Q. Is there an open source solution to search that we can use?

A. Yeah! We looked around and the conversation internally quickly came to Elasticsearch vs Solr, as both could be an appropriate fit for our use case. Elasticsearch had the edge:

Node discovery on Solr requires ZooKeeper. We run etcd, and did not want to have additional infrastructure specifically for Solr. Elasticsearch’s Zen Discovery is self contained.
Elasticsearch supports automatic shard rebalancing, which would let us add new nodes to the cluster, fulfilling the linearly scalable requirement out of the box.
Elasticsearch has a structured query DSL built-in, whereas you’d have to programmatically create a query string with Solr using a third party library.
Engineers on the team had more experience working with Elasticsearch

Would Elasticsearch Work?

Elasticsearch seemed to have everything we wanted and our engineers had experience working with it in the past.
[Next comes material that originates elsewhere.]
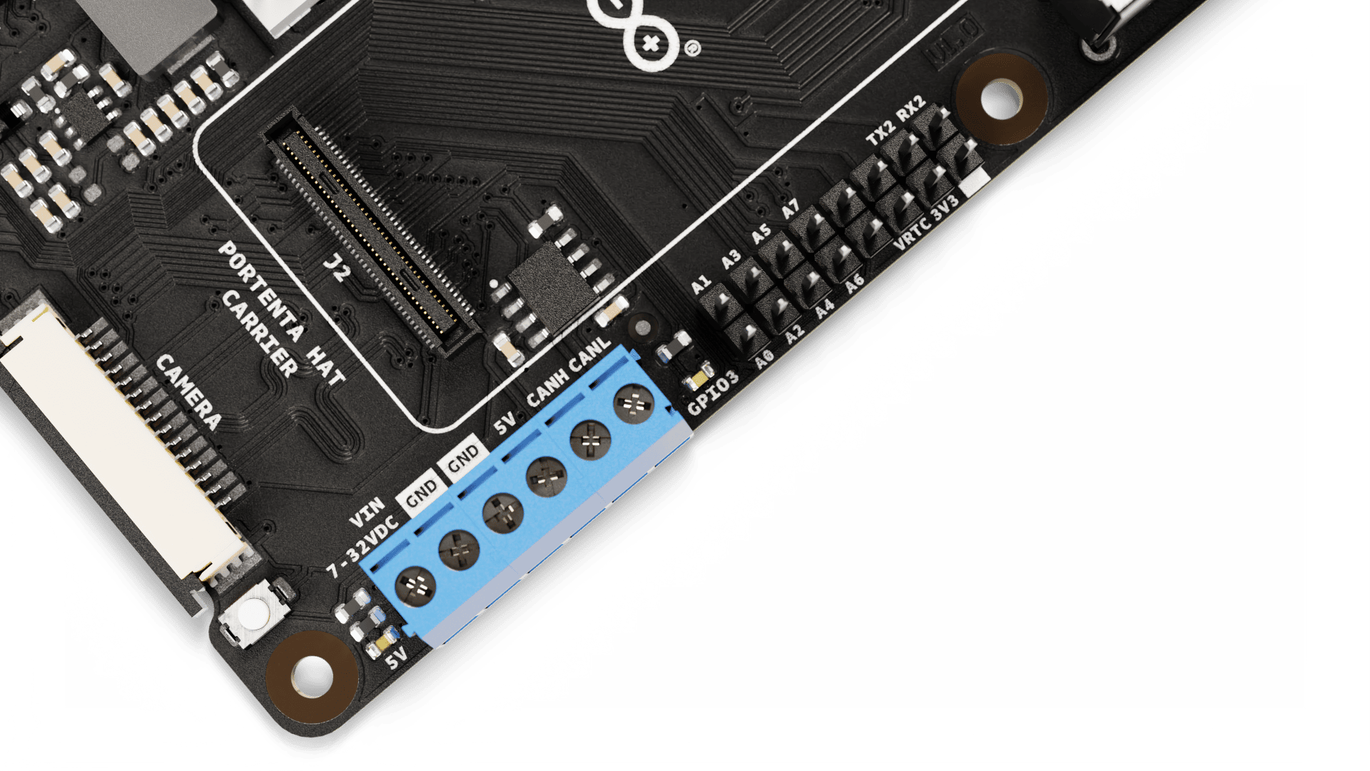Compatible also with Portenta H7 and Portenta C33, Portenta Hat Carrier provides easy access to multiple peripherals – including CAN, Ethernet, microSD and USB – and further simplifies any Portenta application.

It provided a way to replicate data across different nodes to tolerate the failure of a single node, scale up the cluster by adding more nodes, and could ingest messages to be indexed without breaking a sweat. Reading around, we heard some horror stories about managing large Elasticsearch clusters, and really none of our backend team had any experience with managing Elasticsearch clusters apart from our logging infrastructure.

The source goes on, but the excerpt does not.